Altervélo a fait le choix d’une infrastructure légère. En fonction des usages constatés et de la demande, des stations pourront être déplacées ou créées facilement. Le système n’est pas complètement déshumanisé : un opérateur vérifie les vélos quotidiennement et assure le réassort des batteries, qui ne sont pas chargées sur les stations mais au centre technique de Pierrefonds. 
La Civis, qui a investi 350 000 euros dans l’opération, se donne six mois pour tirer les leçons de cette expérimentation, avec un point de vigilance majeure : le vandalisme.
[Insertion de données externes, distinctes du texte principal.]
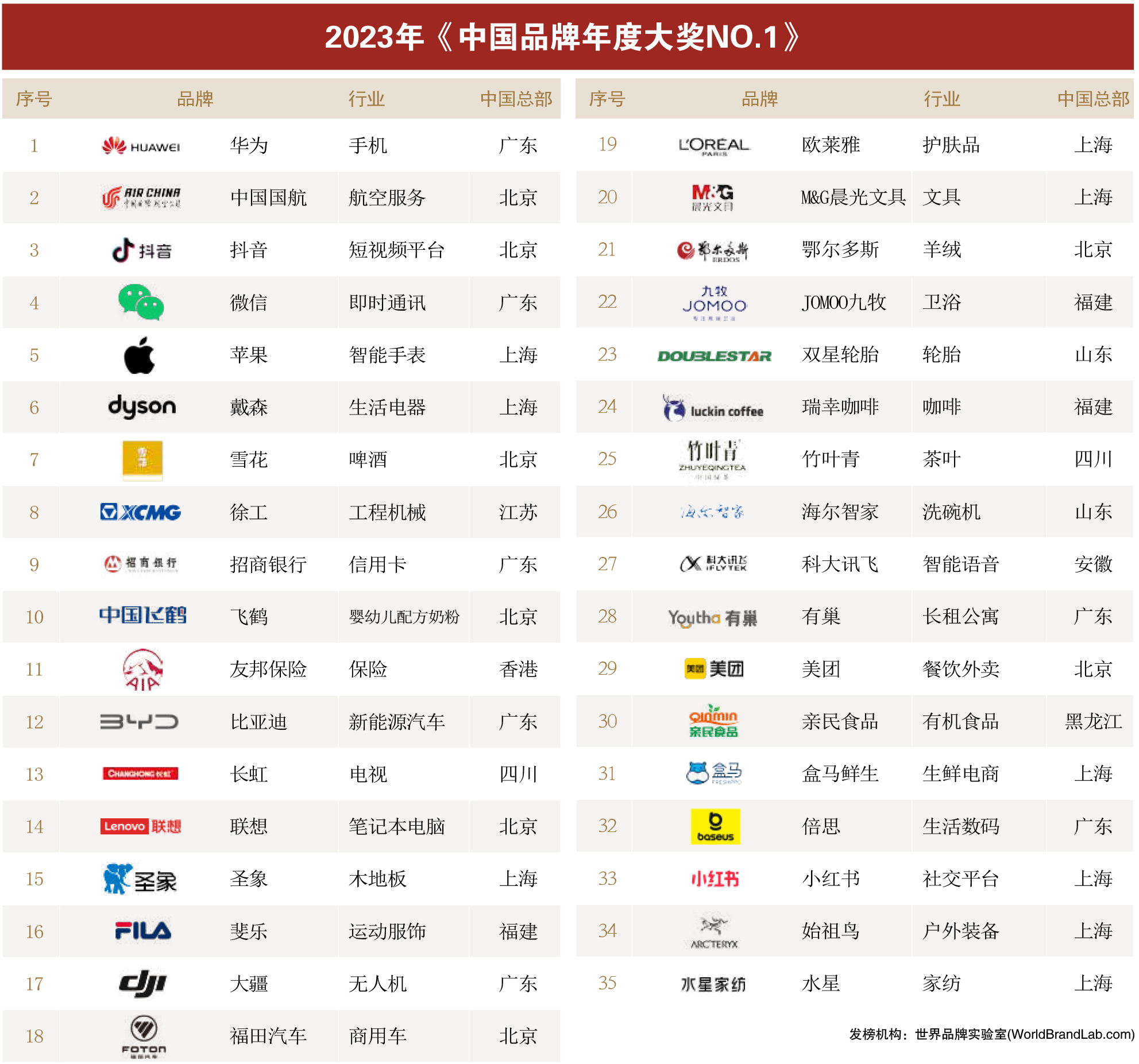 品牌作为无形资产的重要组成部分,是重要的战略资产和金融资产。世界品牌实验室被公认为全球三大品牌价值评估机构之一,其连续20年发布的“中国品牌年度大奖”,被誉为中国品牌界的“奥斯卡奖”,是消费者的品牌偏好变化的晴雨表,评判标准是品牌影响力,包括知名度、美誉度、占有率、创新力和忠诚度等综合因素。

Dès les premières semaines, des actes de dégradation ont été constatés. Des cadenas ont été forcés, mais les premiers VAE volés ont tous été retrouvés. Leur assistance électrique ne pouvant fonctionner sans un déblocage dans les règles, ils sont rapidement abandonnés. Altervélo espère que les voleurs se décourageront rapidement, et que le coût des dégradations ne viendra pas remettre en cause la pérennité du libre-service.